━━━ MATERIAL FOR THE TASK ━━━

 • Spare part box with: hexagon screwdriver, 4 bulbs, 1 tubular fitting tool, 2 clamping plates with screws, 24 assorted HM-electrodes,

━━━
━━━ MATERIAL FOR THE TASK ━━━

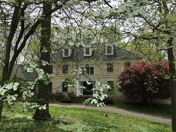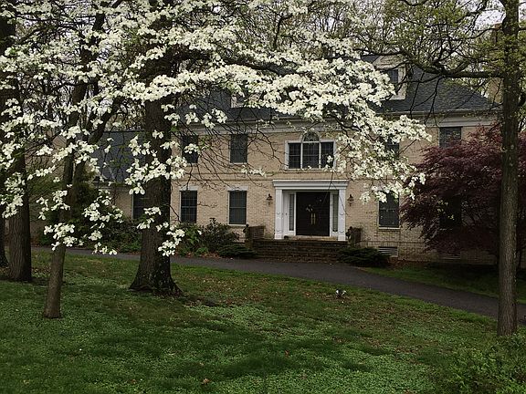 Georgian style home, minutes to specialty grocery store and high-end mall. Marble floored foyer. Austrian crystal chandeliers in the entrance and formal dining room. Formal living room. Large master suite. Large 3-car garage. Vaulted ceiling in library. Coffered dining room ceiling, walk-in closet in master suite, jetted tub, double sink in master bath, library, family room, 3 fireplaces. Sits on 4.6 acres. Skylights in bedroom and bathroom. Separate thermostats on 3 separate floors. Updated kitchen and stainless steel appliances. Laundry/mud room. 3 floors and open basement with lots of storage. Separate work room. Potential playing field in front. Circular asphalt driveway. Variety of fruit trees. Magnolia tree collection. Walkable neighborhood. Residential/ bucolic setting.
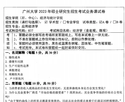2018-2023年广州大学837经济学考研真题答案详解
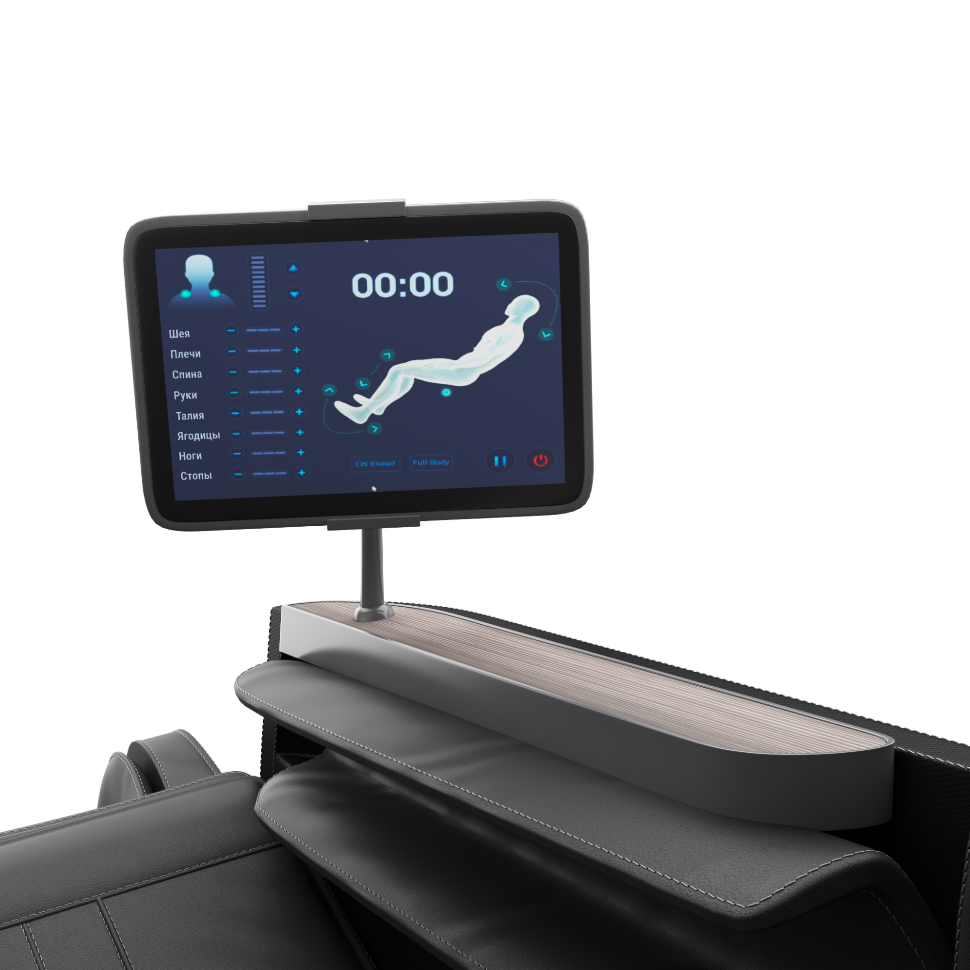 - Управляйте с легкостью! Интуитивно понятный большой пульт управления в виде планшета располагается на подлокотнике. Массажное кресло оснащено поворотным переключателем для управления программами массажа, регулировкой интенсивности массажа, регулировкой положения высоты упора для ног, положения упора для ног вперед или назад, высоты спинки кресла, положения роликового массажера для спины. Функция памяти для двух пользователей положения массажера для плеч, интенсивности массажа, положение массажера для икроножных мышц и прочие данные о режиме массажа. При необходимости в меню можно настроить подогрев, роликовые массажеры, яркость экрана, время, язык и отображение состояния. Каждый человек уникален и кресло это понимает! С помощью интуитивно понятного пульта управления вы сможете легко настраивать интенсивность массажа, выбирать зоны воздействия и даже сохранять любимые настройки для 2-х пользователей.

━━━
━━━ MATERIAL FOR THE TASK ━━━

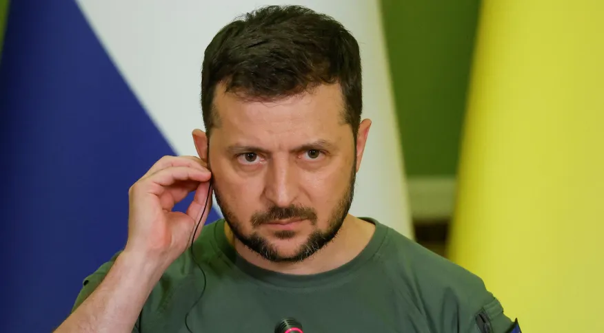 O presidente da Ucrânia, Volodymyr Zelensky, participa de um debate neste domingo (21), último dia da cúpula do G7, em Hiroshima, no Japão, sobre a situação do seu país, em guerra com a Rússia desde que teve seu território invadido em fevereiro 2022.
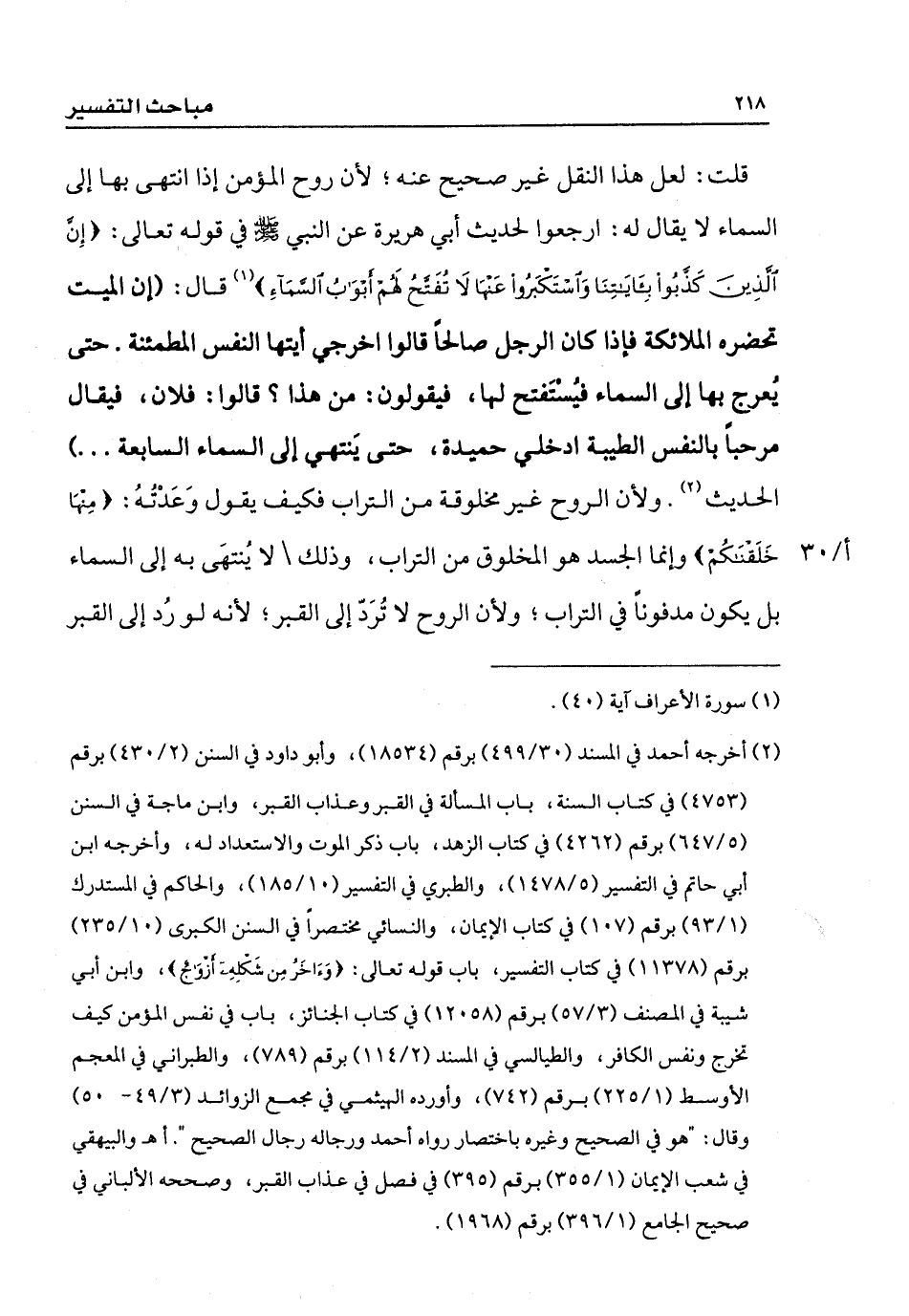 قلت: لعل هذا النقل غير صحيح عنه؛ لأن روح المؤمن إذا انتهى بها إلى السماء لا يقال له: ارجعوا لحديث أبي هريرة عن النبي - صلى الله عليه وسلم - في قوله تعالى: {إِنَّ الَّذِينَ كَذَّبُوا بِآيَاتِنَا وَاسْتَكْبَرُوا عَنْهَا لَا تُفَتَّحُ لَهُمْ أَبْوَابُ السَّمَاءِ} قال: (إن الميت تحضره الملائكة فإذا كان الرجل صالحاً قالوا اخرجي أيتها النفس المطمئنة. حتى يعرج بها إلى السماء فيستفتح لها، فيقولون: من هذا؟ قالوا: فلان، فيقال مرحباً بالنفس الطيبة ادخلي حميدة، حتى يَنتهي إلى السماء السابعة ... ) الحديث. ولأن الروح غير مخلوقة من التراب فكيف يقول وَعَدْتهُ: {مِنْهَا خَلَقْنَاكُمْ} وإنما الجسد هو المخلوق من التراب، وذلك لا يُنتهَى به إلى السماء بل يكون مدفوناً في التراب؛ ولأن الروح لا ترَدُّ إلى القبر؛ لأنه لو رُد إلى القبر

━━━

§ WHAT TO WORK ON
Retype the lines above exactly as they appear, from the line containing "2018-2023年广州大学837经济学考研真题答案详解" through the line containing "- Управляйте с", and leave out any pictures.

§ TASK OUTPUT
2018-2023年广州大学837经济学考研真题答案详解
 - Управляйте с легкостью! Интуитивно понятный большой пульт управления в виде планшета располагается на подлокотнике. Массажное кресло оснащено поворотным переключателем для управления программами массажа, регулировкой интенсивности массажа, регулировкой положения высоты упора для ног, положения упора для ног вперед или назад, высоты спинки кресла, положения роликового массажера для спины. Функция памяти для двух пользователей положения массажера для плеч, интенсивности массажа, положение массажера для икроножных мышц и прочие данные о режиме массажа. При необходимости в меню можно настроить подогрев, роликовые массажеры, яркость экрана, время, язык и отображение состояния. Каждый человек уникален и кресло это понимает! С помощью интуитивно понятного пульта управления вы сможете легко настраивать интенсивность массажа, выбирать зоны воздействия и даже сохранять любимые настройки для 2-х пользователей.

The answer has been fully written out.